Friday, 22 October 2010

synopsis or tap dancing?

I have written two books, three short stories, an epic poem for my daughter about her favourite toy and a few other odds and ends, not to mention some postings on this blog.

Maybe I'm being too reserved and self-deprecating but I have never claimed to be writing great literature. However I truly believe that my writing is no worse than a lot of stuff that does get published and considerably better than most of it.

But I can't write a synopsis.

I never said I could. I never said I wanted to. A synopsis is something you put together to sell a book and, for better of for worse, I am not good at selling.

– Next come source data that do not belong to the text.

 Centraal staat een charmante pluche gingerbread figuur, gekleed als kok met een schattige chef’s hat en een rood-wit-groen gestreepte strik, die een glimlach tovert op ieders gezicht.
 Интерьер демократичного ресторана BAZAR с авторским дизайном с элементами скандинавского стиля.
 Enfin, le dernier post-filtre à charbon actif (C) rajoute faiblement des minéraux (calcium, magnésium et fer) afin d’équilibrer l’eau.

That's why I want an agent, except that an agent wants to read a synopsis and, well, if I could write one of them I'd have more of an idea how to sell my work and so wouldn't have such a need for an agent.

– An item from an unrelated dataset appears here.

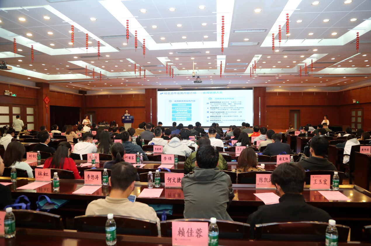 鲁岩代表公司致辞。他首先对远道而来的企业嘉宾表示热烈欢迎。他指出,公司始终以产教融合的政策为导向,持续推进“厂中校”、“校中厂”多元化校企合作模式,积极对接粤港澳大湾区建设、“百千万工程”、“双百行动”等重大战略,与企业共建产教融合共同体,开展直播、乡村振兴、文化创意、体育健康等领域的技术培训、社区服务、文化帮扶等项目,实现了“教、学、研、产”一体化发展目标。他表示,展望未来,公司将同广大企业一道秉持“合作、共赢、创新、发展”的理念,在团队互聘、课程共建、资源共享、成果共创、技术服务、成果转化等方面迈出更大步伐,让公司的智力资源与企业的市场需求紧密结合,让人才培养更精准贴合产业发展需求,实现校企双方的合作共赢。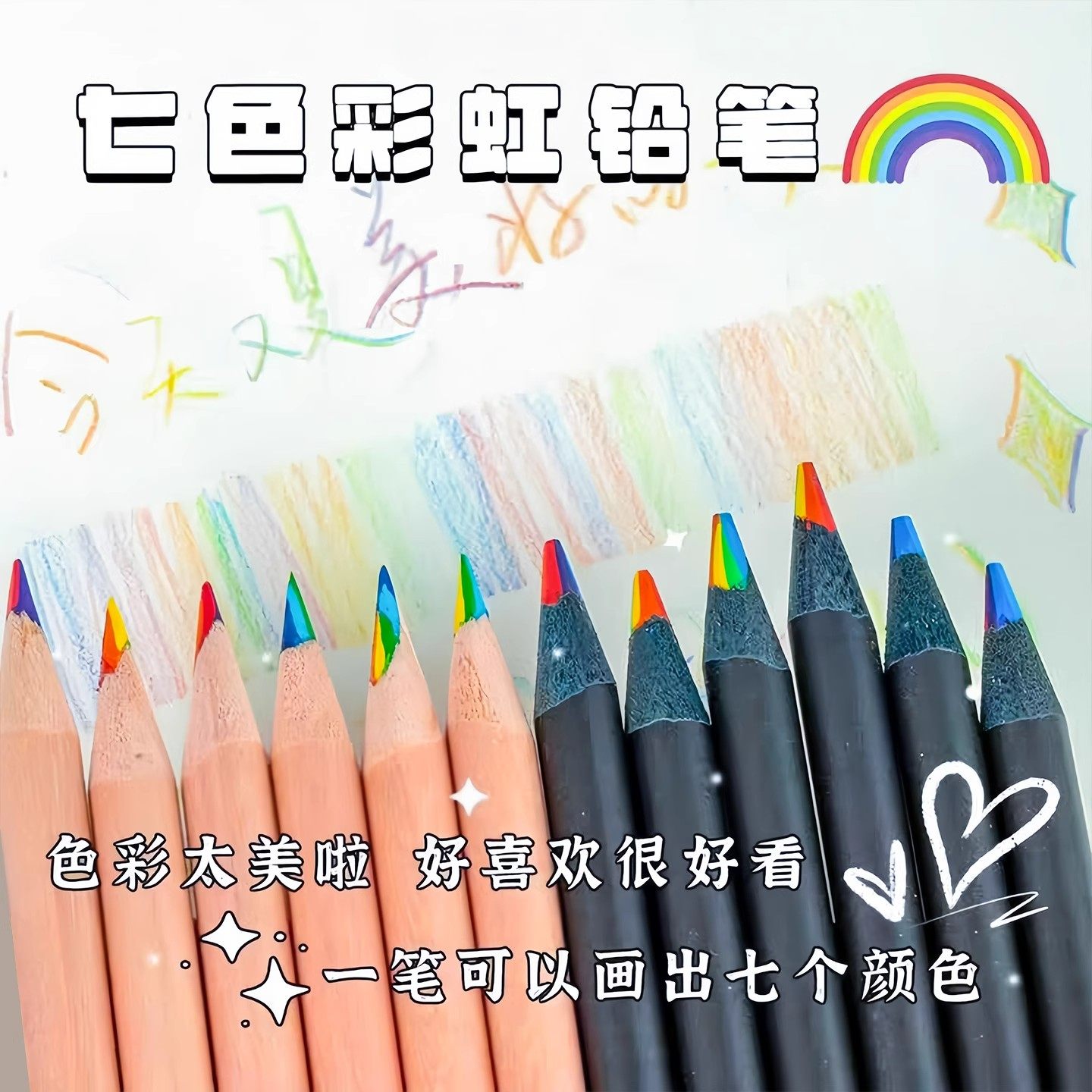 七色彩虹铅笔一笔多色铅笔彩虹笔渐变色彩混色彩铅笔手绘儿童画笔

Ah, you say, but writing a synopsis is a form of writing so you should be able to have a crack at it and make a half-decent attempt. This is fatuous reasoning, like choosing your 100m sprinters based on who the best tap-dancers are on the grounds that they both involve waggling legs around a lot.

So, to all the agents out there (not) reading this blog, on behalf of authors the world over, stop reading synopses. Read the first page of the BOOK. If that's good, read the next one. If you get to the end of the sample, ask for the rest of it. And if you get to the end of the book and like it then take on the author as a client and sell that book for squillions of pounds. What's the synopsis for again?